韓国のeスポーツを語る上で決して外せない男がいる、らしい。
その名は“Faker”。なんでも本名はイ・サンヒョクらしいが、世界的な人気を誇る『League of Legends』(以下、LoL)では、韓国最強、LoL最強プレイヤーの名をほしいままにしてきたという。
韓国での別名は“魔王”。LoLは日本でもプレイヤー人口が多く、日本のファンたちは彼を“神”と崇めるというが、最近のゲームに疎い方々にとって“Faker”は初めて聞く名前だろう。
かくいう筆者も最近になって彼のことを知った。一人暮らしの自宅にはスーパーファミコンしかなく、興味本位でeスポーツのことを調べ始めたとはいえ、PS5に至ってはなんかすごそうというマヌケな返答しかできないズブの素人だが、eスポーツを調べれば調べるほど、目にするのがFakerの“凄さ”だったのだ。
ズブの素人なりにLoLにおけるFakerのストロングポイントを漁りまくって判明したことは、彼がとても多様な能力を求められるポジションで、まるで千手観音のようなプレイを見せるということである。
どうやら“Faker”がLoLで主戦場として活躍しているのは、Midレーンという場所らしい。ここは5 vs 5のチーム戦で行われるLoLにおいて複数の敵を袋叩きにすることが多く、他レーン(Top、Bot)への干渉も求められる忙しいレーンとされている。
わかりやすく図解するならば、このゲームは四角形の対角にある本拠地(Nexus)を破壊することが勝利条件なのだが、自陣から最短ルートであるまさに“対角線”がMidレーンと呼ばれている。
ここでの主導権争いで遅れをとることは、すなわち試合全体の主導権を失ってしまうことと直結する。
そのような重要なポジション争いにおいてFakerは、サモナースペル(操作するキャラがゲーム中に使える特殊能力。敵にダメージを与えたり、回復や移動速度を上げるなど様々な効果がある)を3つ(ゲーム上では開始前に設定する2つしか使えない)持っているのではないかという声が上がるほど、卓越したプレイを見せるとのことだ。
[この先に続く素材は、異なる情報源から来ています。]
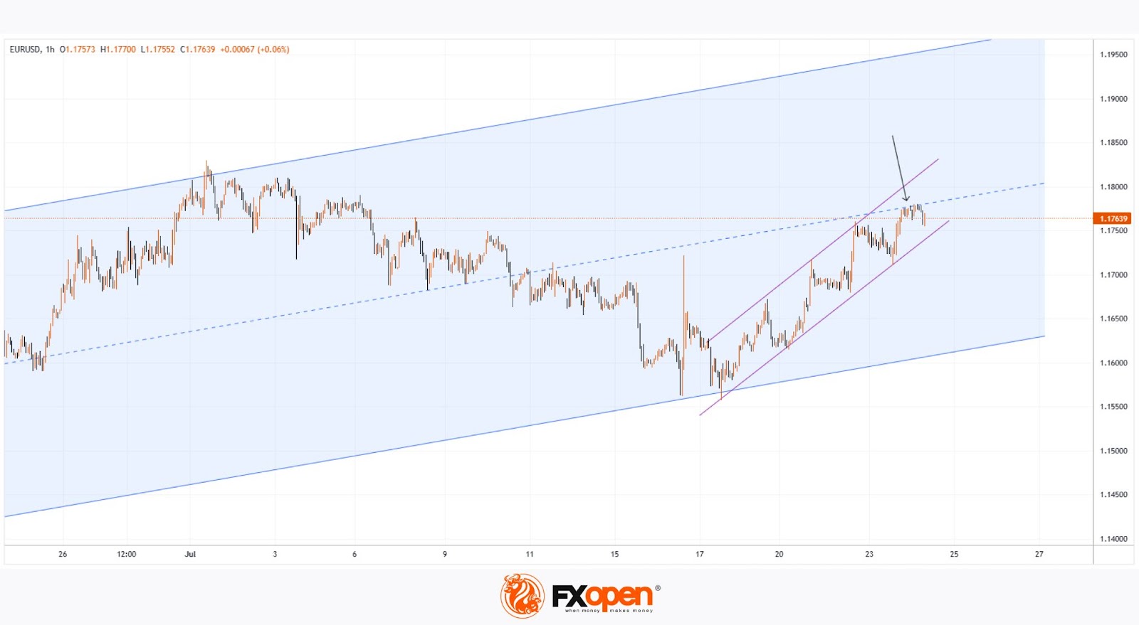 In anticipation of these events, the EUR/USD exchange rate has risen above the 1.1770 level for the first time since 7 July. Bullish sentiment is also being supported by expectations of a potential trade agreement between the United States and the European Union. According to Reuters, both sides are reportedly moving towards a deal that may include a 15% base tariff on EU goods entering the US, with certain exemptions.
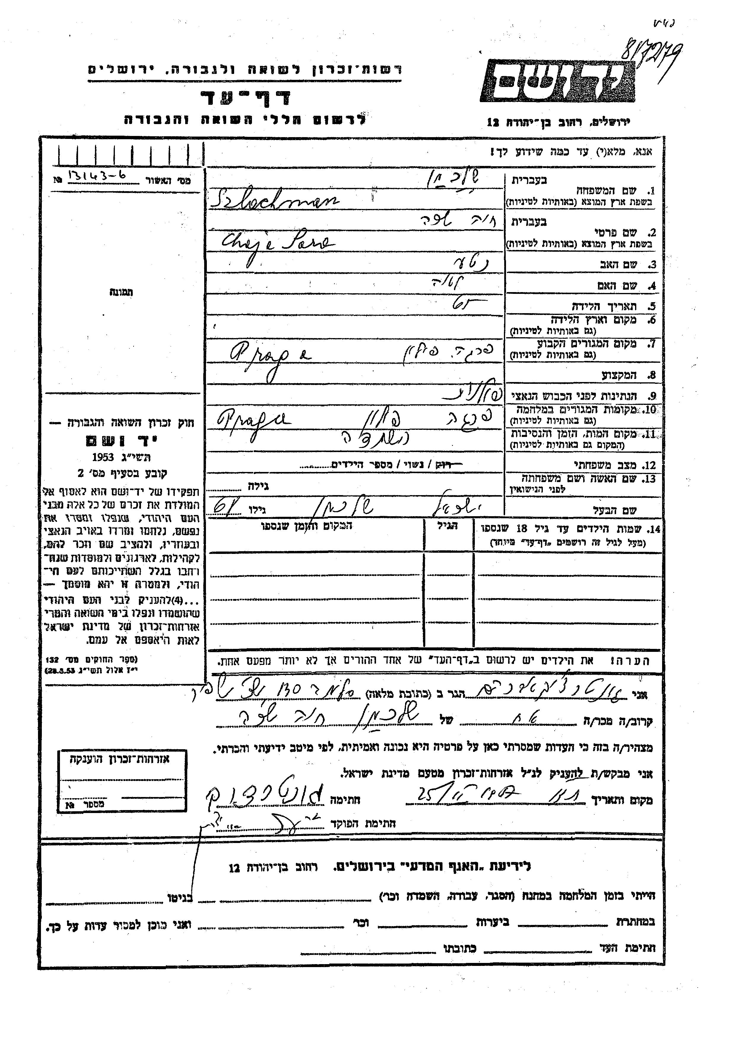 Szlachman Chaja Sara Praga Warszawa, Pologne Feuille de témoignage
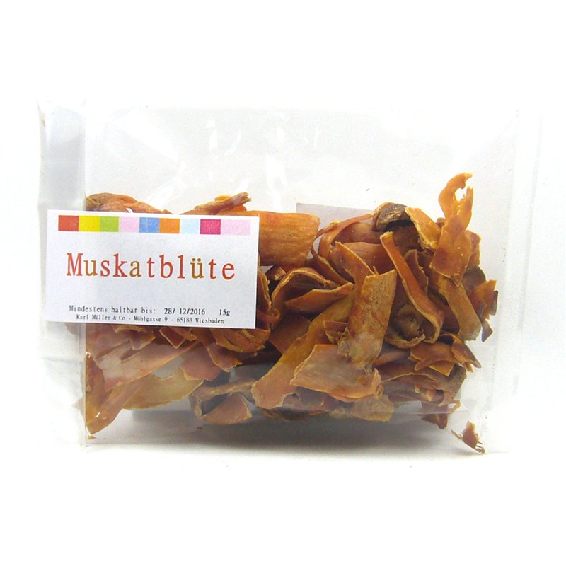 Die Muskatblüte ist ein spitzenartiger Mantel, der den Kern (Muskatnuss)umhüllt. Sie ist feiner im Geschmack als die Nuß, man verwendet sie besonders gerne an hellen Saucen, Bechamelsauce, Hühnerbrühen, Eiergerichten. Ansonsten kann man sie überall auch da verwenden, wo man die Muskatnuss gebraucht. An Kartoffelbrei, Spinat, Blumenkohl, Gemüsesuppen, Käsefondue aber auch an Fisch + Fleischgerichten.
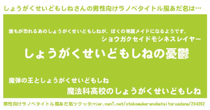 | 胡散臭い通販商品みたいなあだ名 | 『モテモテ間違いなしブレスレット…その名も「しょうがくせいどもしね」』 |
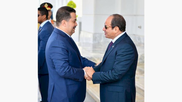 استقبل السيد الرئيس عبد الفتاح السيسي، اليوم، رئيس الوزراء العراقي "محمد شياع السوداني"، الذي يقوم بزيارة رسمية لمصر، على رأس وفد حكومي عراقي رفيع المستوى، يضم نائب رئيس الوزراء وزير الخارجية، ووزير التجارة، وعدد من كبار المسئولين العراقيين، وذلك بحضور الدكتور مصطفى مدبولي رئيس مجلس الوزراء، والسادة وزراء الخارجية، والإسكان، والاستثمار، والبترول، من الجانب المصري.
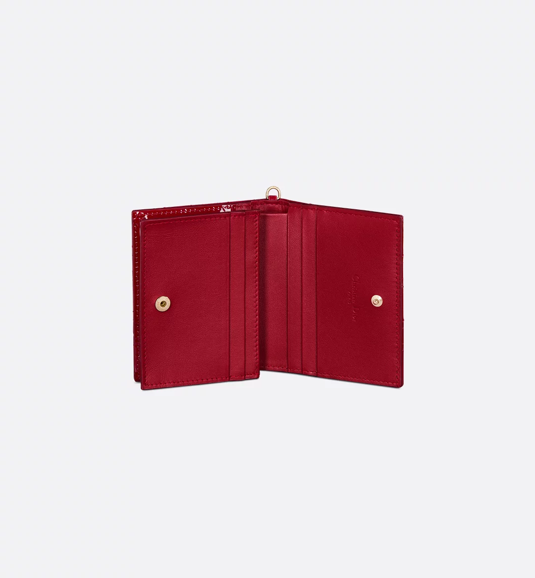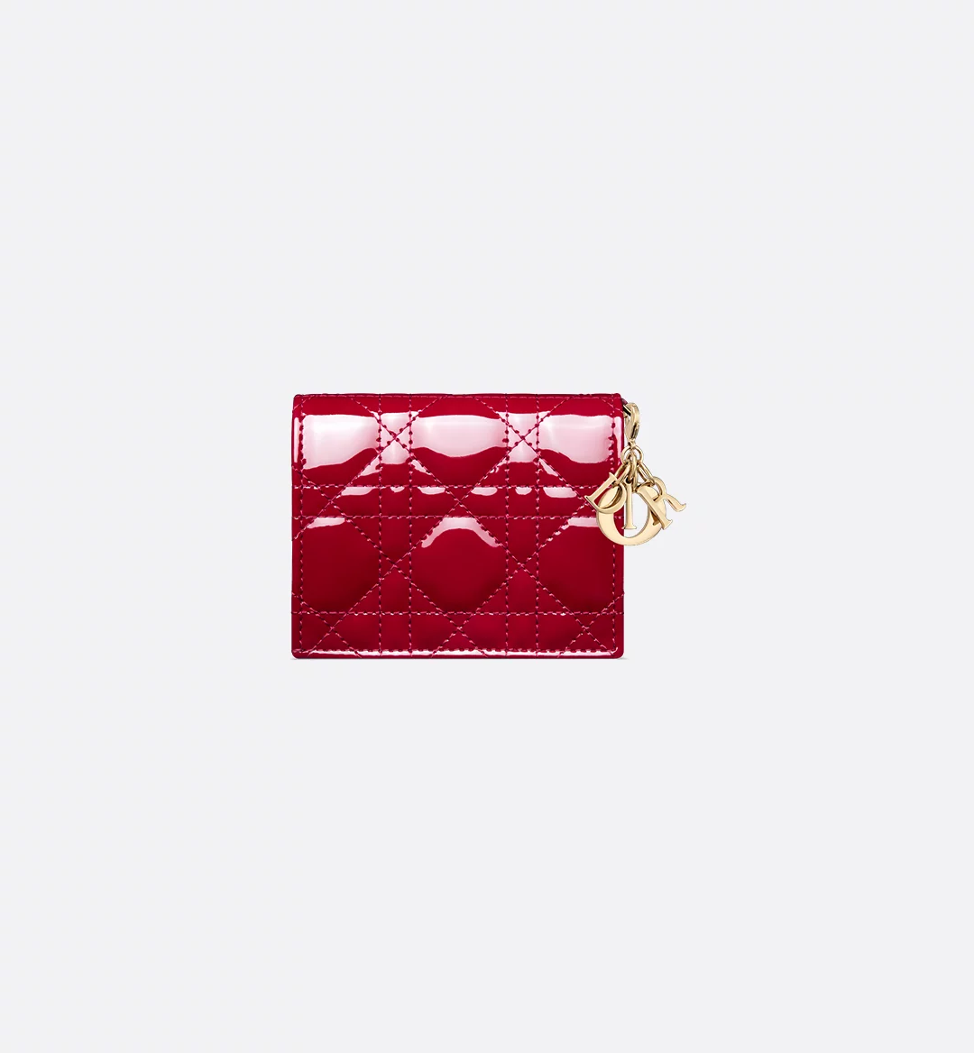 The Lady Dior Gardenia wallet is both compact and spacious. The combination of cherry red patent calfskin with Cannage topstitching and detachable D.I.O.R. charms creates a chic and timeless look. The miniature accessory can hold all the daily essentials and may easily be coordinated with other items from the Lady Dior line.
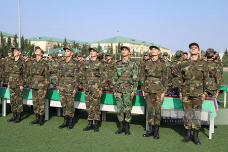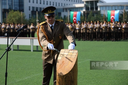 Daha sonra Fövqəladə Hallar Nazirliyinin Akademiyasına yeni qəbul olmuş kursantlar hərbi and içiblər.
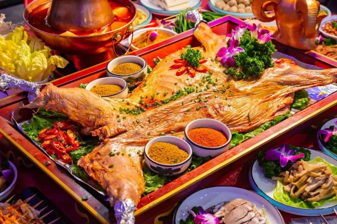 2、烤全羊:整羊腌制后慢火烘烤3-4小时,外皮金黄酥脆,内里肉汁饱满。上桌时系红绸,行开羊仪式,搭配荷叶饼、黄瓜解腻。
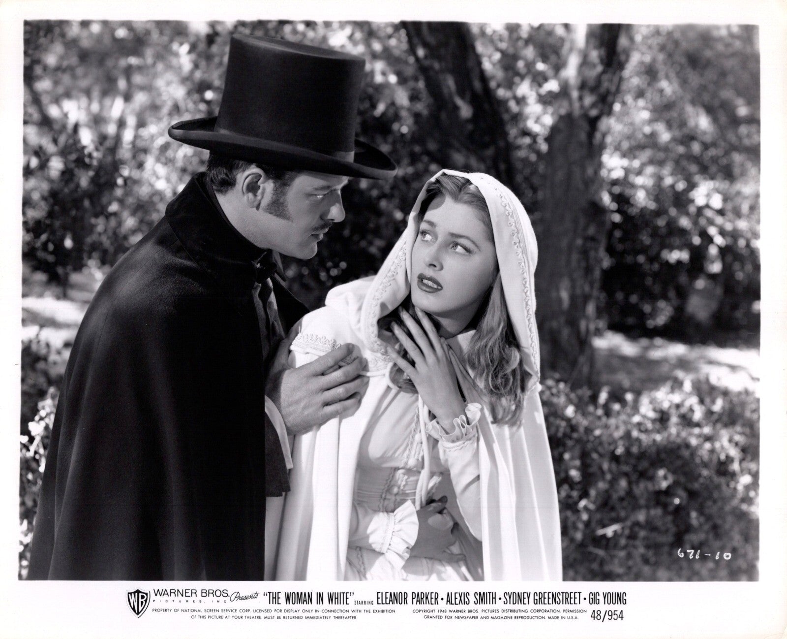 Seize the opportunity to own a piece of classic romance history. Bid now and add this vintage Warner Bros. movie photo to your collection. Let the enchanting pairing of Eleanor Parker and Gig Young in 'The Woman in White' transport you to the timeless allure of Hollywood's golden era with every glance.
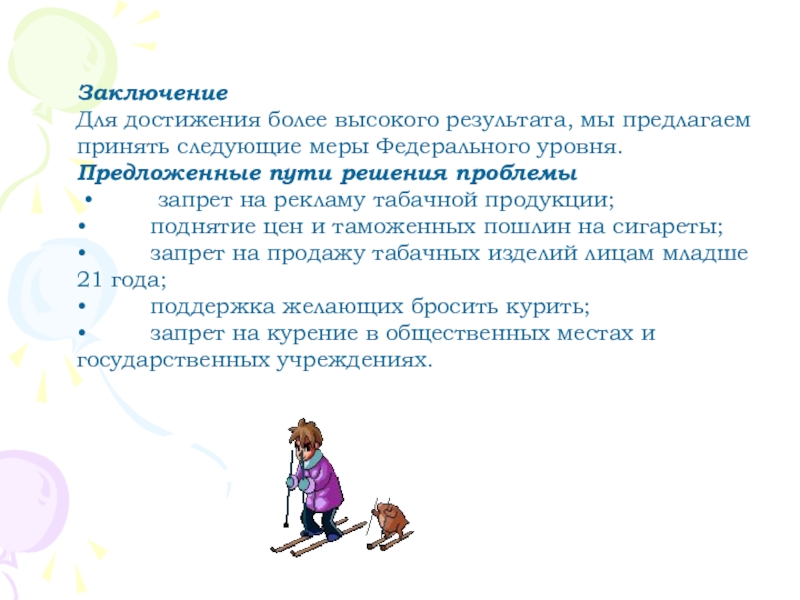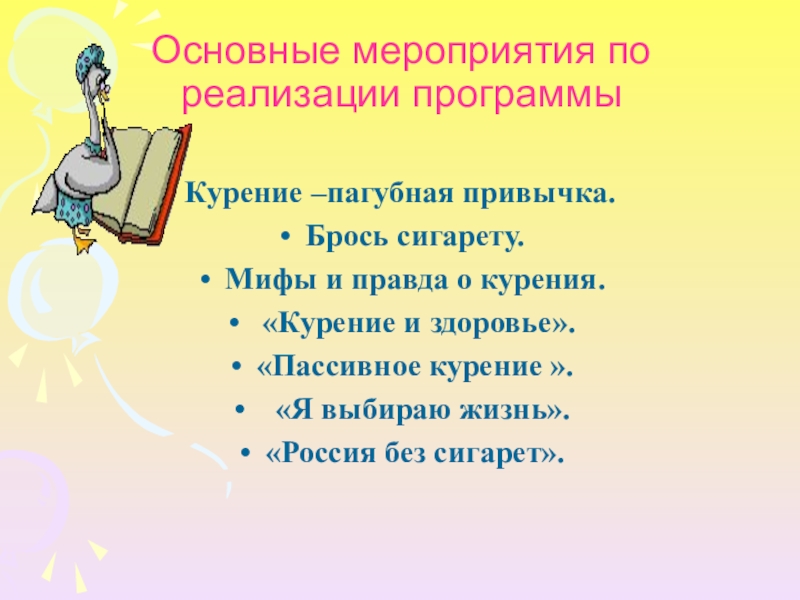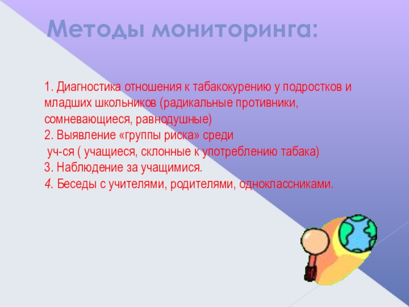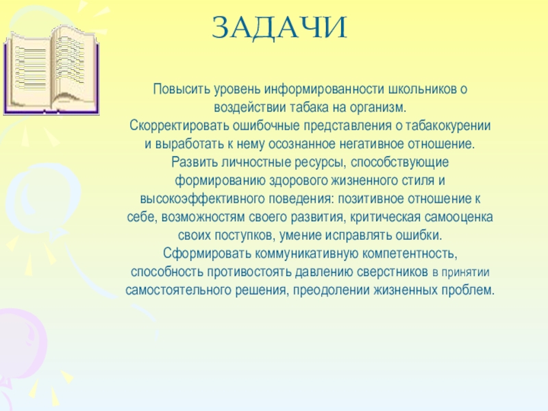 . развивать у ребят осознанное неприятие табака как одного из способов воздействия на личность.

上記した通りとてつもないプレイングスキルを誇るFakerだが、とある韓国メディアのインタビューでは「LoLにおいては努力したことはない」と答えている。自分の好きなものに打ち込むことは苦ではなく、むしろ幸福だということなのだろう。
大会での賞金やスポンサー料を含めると、彼の年俸はおよそ3億円とも言われているが、月に2~3万円しか使わず、使うとしても友人との食事での支払いぐらいだとか。
唯一の贅沢と言えば、広さ50㎡の家に暮らす家族ために、160㎡の家を買ったことが最も高い買い物だったそうだ。なんて出来た孝行息子なのだろうか。今年(2021年)で25歳を迎える若者とは思えない。
自分が好きなものをトコトン突き詰めるストイックさと無欲さ、そして家族思いのやさしさ。魔王であり神と崇められる若者の素顔が、そこにあるのかもしれない。